§ **AVAILABLE DATA**
********

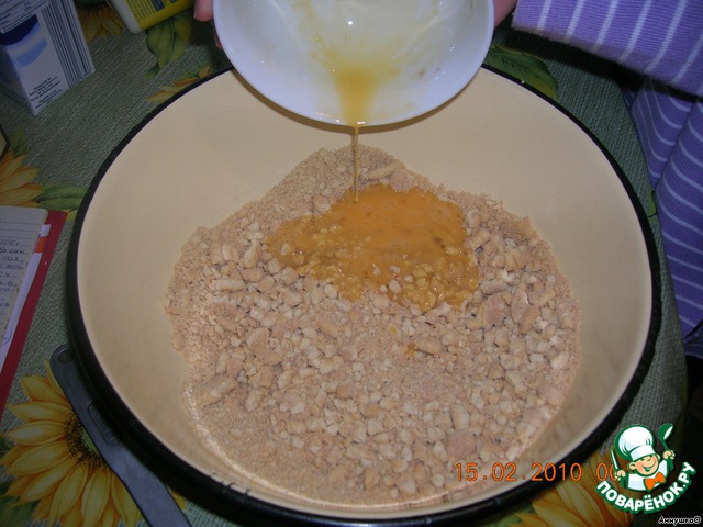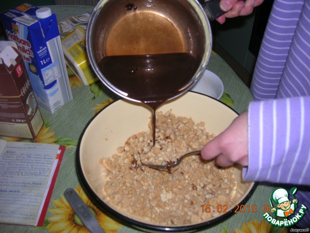 Даём немного остыть и вливаем в печенье. Хорошо перемешиваем.
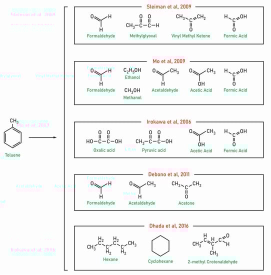 In the following sections, other by-products in the gas- and solid-phases compounds are reported during PCO of toluene. In our review, we present the names of organic compounds, experimental conditions, and other parameters exactly as they are given in the corresponding articles.
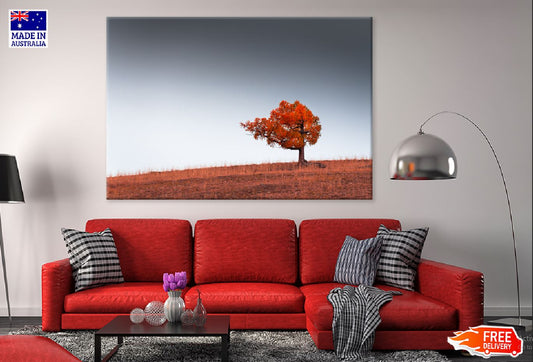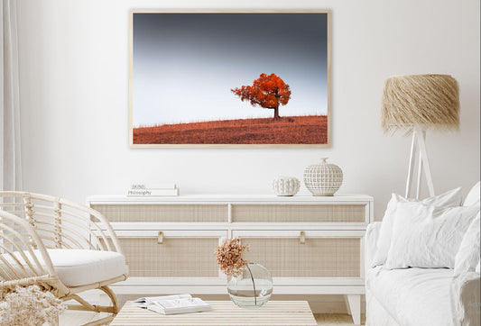 Alone Red Autumn Tree on Hill Photograph Print 100% Australian Made

********

§ **PROBLEM REQUIREMENTS**
The complete material, set down exactly and stripped of pictures, is the expected response.

§ **RESULT**
 Даём немного остыть и вливаем в печенье. Хорошо перемешиваем.
 In the following sections, other by-products in the gas- and solid-phases compounds are reported during PCO of toluene. In our review, we present the names of organic compounds, experimental conditions, and other parameters exactly as they are given in the corresponding articles.
 Alone Red Autumn Tree on Hill Photograph Print 100% Australian Made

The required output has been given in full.